I do sell a number of samples at the Farmer's Market and have gotten back a number of new customers through that.


----------



## Tallabred (Jun 12, 2008)

I will include a sample in the order. Maybe they will want to come back to order it.


----------



## Poverty Knob Goats (Apr 13, 2010)

I give away alot of small samples, but if they want me to mail them they can pay for pastage.


----------



## jimandpj (Mar 11, 2008)

I charge postage for anyone requesting samples. If they actually pay the postage, I give them pretty large chunks to offset the postage cost.
PJ


----------



## Anita Martin (Dec 26, 2007)

I've never had much luck with samples creating customers for some reason. I did have a lady order quite a few samples from me for her and two friends. Of course I made her pay postage...nobody gets free postage, but I never heard from her again. This has happened several times. Now, the people who buy my smaller bars or even just one of the bigger bars nearly always come back and buy more. Several have ordered more for gifts...like 100 bars or so. I started cutting my samples a little bigger and making samples in a star mold and selling them for a dollar. So far I don't know if that is going to work or not but there seems to be something about people not appreciating things they get for free that makes giving out tons of free samples a waste. 

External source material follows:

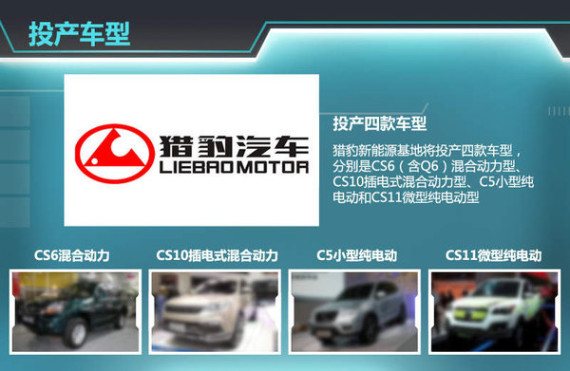 此次猎豹汽车计划建设的新能源基地项目,拟在长沙经开区建设,该项目分为两期建设,将于2015年6月开工。一期工程竣工时间为2016年6月;二期竣工时间为2019年6月。后续该基地将投产四款车型,分别是CS6(含Q6)混合动力SUV、CS10插电式混合动力SUV、C5小型纯电动SUV和CS11微型纯电动SUV,总计年产能达1万辆。
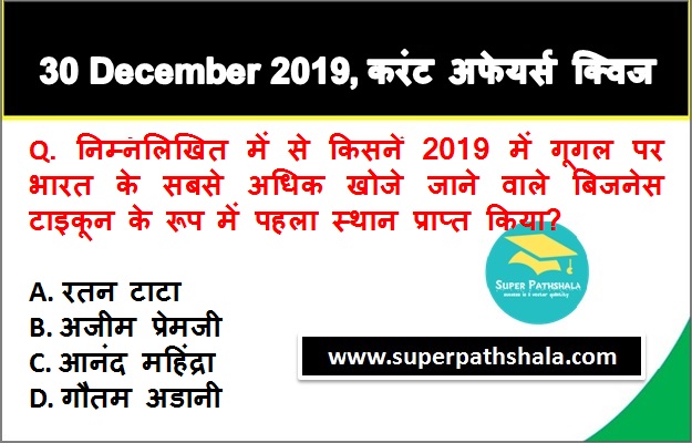 | Q1. | निम्नलिखित में से किसने 2019 में गूगल पर भारत के सबसे अधिक खोजे जाने वाले बिजनेस टाइकून के रूप में पहला स्थान प्राप्त किया? |

I do keep samples aside and if someone acts really interested, but is sitting on the fence, those are the people I will give a sample too.


----------



## hsmomof4 (Oct 31, 2008)

I like having samples of my Plain Jane soap available because that sells very well to the sensitive skin crowd, but they'd usually like to try it first and see if they react before buying a full sized bar. And I've gotten some sales from people I've given samples to, including one that gave the sample to her sister from out of town and then the sister ended up ordering via email.


----------



## jimandpj (Mar 11, 2008)

Samples work extremely well for us. Always have. 
PJ


----------



## Kalne (Oct 25, 2007)

Stacey.....I rarely sold unscented so I took it off my table to make room for other stuff and kept it on-hand for if/when someone asked for it. I did that for over a year. Well, this past weekend I tweaked my set up a bit and had some extra room. Decided to put out my unscented soaps to fill the space (I have 3 types). I only had 6 bars with me and I sold them all. Could have sold more if I had them. What a duh moment I had. LOL


----------



## hsmomof4 (Oct 31, 2008)

Yeah, my Plain Jane is one of my best-selling soaps!


----------



## jimandpj (Mar 11, 2008)

Which is the best because it is the cheapest and easiest to make! 
PJ


----------



## hsmomof4 (Oct 31, 2008)

Definitely the easiest, anyway!!


----------